According to the first aspect of the present invention, the pressure treatment after impregnation by the vacuum impregnation method is performed in a short time of about several minutes by utilizing the centrifugal force of the rotary pressure device. Can be manufactured in a short time.

According to the invention of claim 2, the pressure treatment after the impregnation by the vacuum impregnation method is performed in a short time of about several minutes by utilizing the centrifugal force by the rotary pressure device, and the impregnation by the vacuum impregnation method is performed. Since a short-time curable resin that cures in about 15 minutes is used as the resin used for the treatment, the microscope observation sample mount can be manufactured in an extremely short time.

[Brief description of drawings]

FIG. 1 is a conceptual diagram of a rotary pressure device according to the present invention.

FIG. 2 is a diagram showing an operating state of the rotary pressurizing device of FIG.

FIG. 3 is an example of a method and apparatus for manufacturing a sample mount for microscopic inspection by a conventional vacuum impregnation method.

FIG. 4 is an example of a sample mount in which an observation surface is polished after being impregnated with an epoxy resin by a vacuum impregnation device. Figure 4a shows the case with alumina filler and Figure 4b shows the case without filler.

FIG. 5 is a photomicrograph (magnification: 200) of a sample obtained by impregnating pores of a thermal spray coating portion with a curable epoxy resin only by vacuum impregnation treatment.

FIG. 6 is a micrograph (magnification: 500 times) of a sample in which a curable epoxy resin is impregnated into pores of a thermal spray coating portion only by vacuum impregnation treatment.

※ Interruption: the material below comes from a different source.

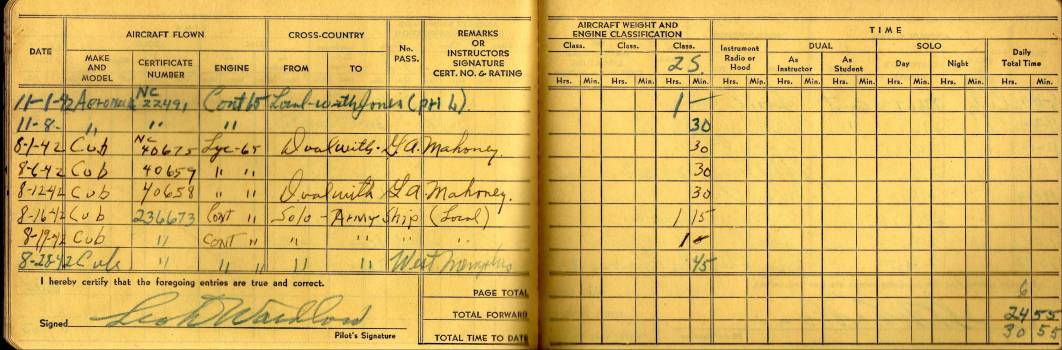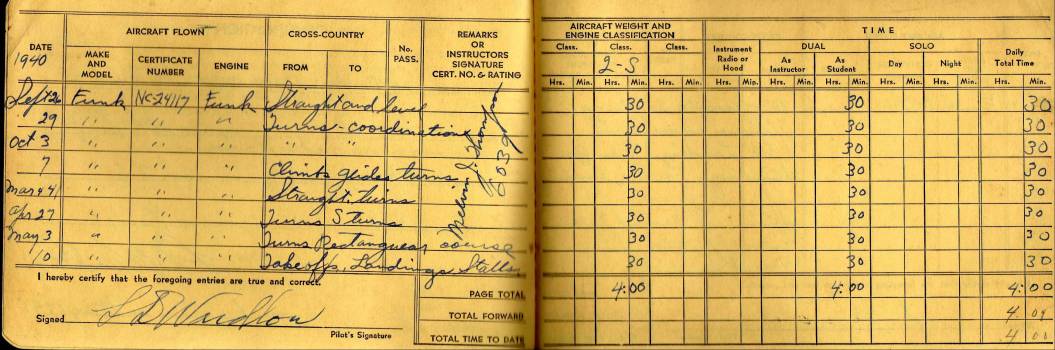 dated from September 26 1940 to October 23 1942 Airplanes flown Funk B, J3 Cub and a what looks

FIG. 7 is a micrograph of a sample in which a hardening epoxy resin is impregnated in a pore of a thermal spray coating portion by a vacuum impregnation treatment and a pressure treatment (about 2 atm) is performed (magnification: 5).
00 times).

FIG. 8 is a photomicrograph (magnification: 2) of a sample in which a curable epoxy resin is impregnated into the pores of the thermal spray coating portion by vacuum impregnation treatment and pressure treatment (about 2 atm) is performed.
00 times).

[Explanation of symbols]

1 rotary press 2 rotation axes 3 mount pedestal 4 arms 5 fulcrum 6 Sample mount

Claims (2)

[Claims] 1. A method for producing a sample mount for observing a porous body under a microscope, wherein a pore-shaped portion of the porous body is impregnated with a curable resin by a vacuum impregnation method, and the sample mount before the curable resin is cured is used. A method of manufacturing a microscope observation sample mount of a porous body, which comprises rotating to fill the pores of the porous body with the curable resin by centrifugal force. 2. The method for manufacturing a microscope observation sample mount for a porous body according to claim 1, wherein the curable resin is 15
A method for manufacturing a sample mount for microscopic observation of a porous body, which is a short-time curable resin that cures in about a minute.